Дорога. Губка (Омон) - страница 171

Играя «Чаттертона», я предпочитаю обращаться не к маме, а к Шарлотте-Амелии Соэ. Конечно же, меня ничуть не смущает, что по ходу действия мне приходится говорить маме пылкие слова любви, для этого я слишком невинен, просто местонахождение Шарлотты-Амелии над лестницей усиливает иллюзию, как, впрочем, и сама лестница. Я не могу оторваться от этого парящего лица. Портрет моей двоюродной бабушки с материнской стороны висит на лестничной площадке рядом с дверью в ванную. У мадемуазель Соэ, запечатленной художником довольно скромного дарования в возрасте двадцати пяти лет, очень грустный и покорный вид, как у всех девиц той эпохи, которые знать не знают, кому достанется их изображение, как, впрочем, и они сами, и опасаются, как бы все усилия их родни продать их повыигрышнее не пропали втуне. Впрочем, что касается Шарлотты-Амелии, это предчувствие оправдалось — она так и не нашла себе спутника жизни. Портрет не особенно хорош, а оригинал не имел никакой возможности встретиться с Чаттертоном, так как опоздал родиться лет на пятьдесят, но ни этот анахронизм, ни прическа по моде 1830 года, ни короткий, словно обрубленный, нос — наша семейная примета — не мешали мне видеть Китти Белл в образе Шарлотты-Амелии. С того места, где я нахожусь, мне кажется, что она слегка наклонилась над перилами. Мне легко представить себе Шарлотту-Амелию живой еще и потому, что портрет висит без обрамления — раму пришлось снять, до такой степени ее искорежили осколки стекла.

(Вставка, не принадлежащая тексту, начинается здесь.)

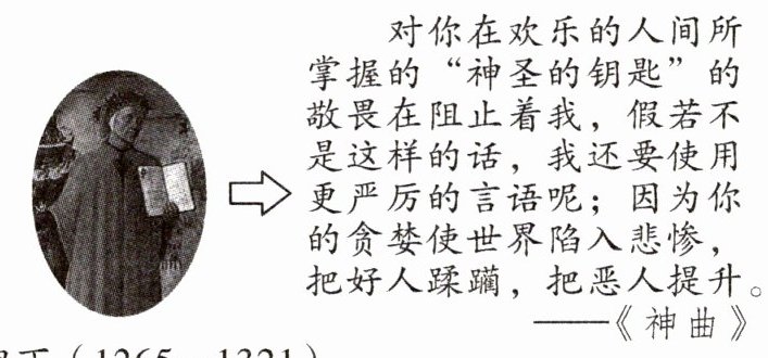 (2)材料三中但丁批判的是什么?材料四中莎士比亚赞美的又是什么?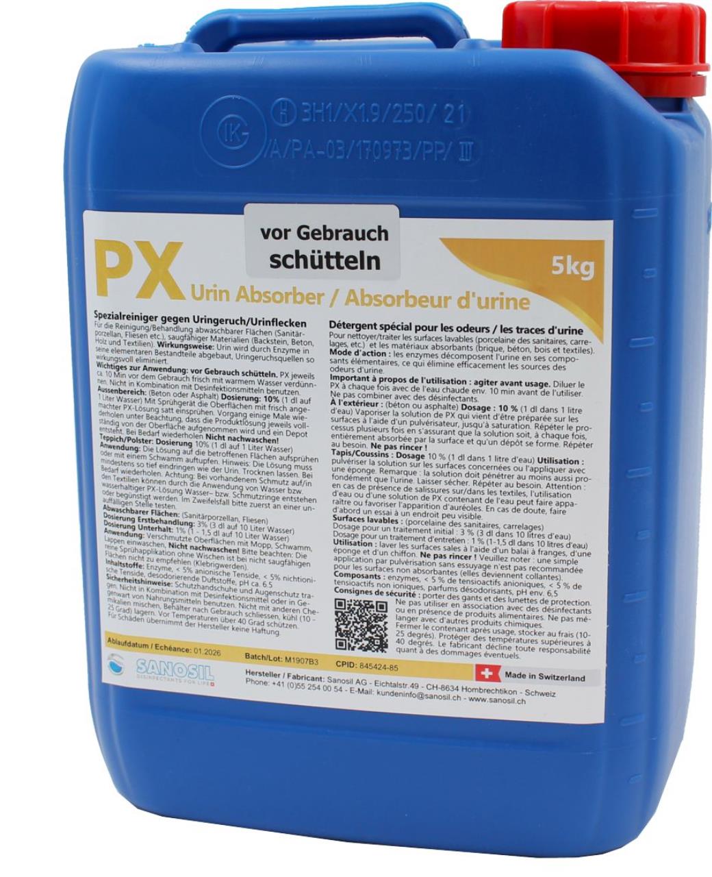 Sanosil PX est un nettoyant enzymatique et un désodorisant pour lutter durablement contre les odeurs d'urine et autres substances odorantes désagréables en dégradant les sources d'odeurs. Il convient au nettoyage d'entretien des surfaces lavables (toilettes très fréquentées, porcelaine sanitaire, murs carrelés, etc.) ou au traitement des matériaux absorbants tels que les murs en briques et en béton dans les passages, les souterrains / passages, etc.

У мамы совсем нет сценического опыта и произношение далеко не классическое, она скованна и не может побороть смущение — все это подчас портит мне удовольствие. Однажды, едва я воскликнул: «Нет больше времени, Китти, с вами говорит мертвец», мама изменилась в лице. Она водит пальцем по странице и не находит ответной реплики. Ее потрясла искренность чувства, вложенного мною в слова Чаттертона. Какую бы роль я ни играл, я всегда остаюсь для своей матери маленьким мальчиком, и для нее невыносимо слышать из моих уст: «С вами говорит мертвец…» Мне знакомо это выражение маминого лица: оно появляется, когда я возвращаюсь домой поздно или выгляжу слишком усталым, любящее сердце снедает щемящая, лихорадочная тревога, маме всюду мерещится смертельная опасность. Но сейчас это столь дорогое мне лицо становится почти ненавистным, оно отвлекает меня от роли. Мне вдруг словно не хватает воздуха — впоследствии такое случалось со мной и на сцене, когда кто-нибудь из моих товарищей внезапно забывал роль.

Однажды в Бразилии, куда «Комеди Франсез» возила «Тартюфа», нам пришлось прервать спектакль. Оргон, спрятавшийся под столом, потерял от духоты сознание. Этого никто не заметил, пока Оргону не настало время вылезать наружу. Эльмира решила, что он попросту заснул, но, как она его ни трясла, делая вид с непринужденностью актрисы, сотни раз игравшей эту сцену, что так и полагается по роли, оживить Оргона ей не удалось. Занавес опустили. Я играл совсем маленькую роль Дамиса и в этот момент был за кулисами. Я глядел оттуда на опускающийся занавес и вдруг начал задыхаться — мне показалось, что начинается светопреставление. Со сцены принесли моего товарища, еще не пришедшего в себя, но сначала пришлось оказать помощь мне, и меня уложили в артистической уборной. Дыхание вернулось ко мне только тогда, когда Оргон, который пришел в себя быстрее, чем можно было предположить, вновь вышел на сцену.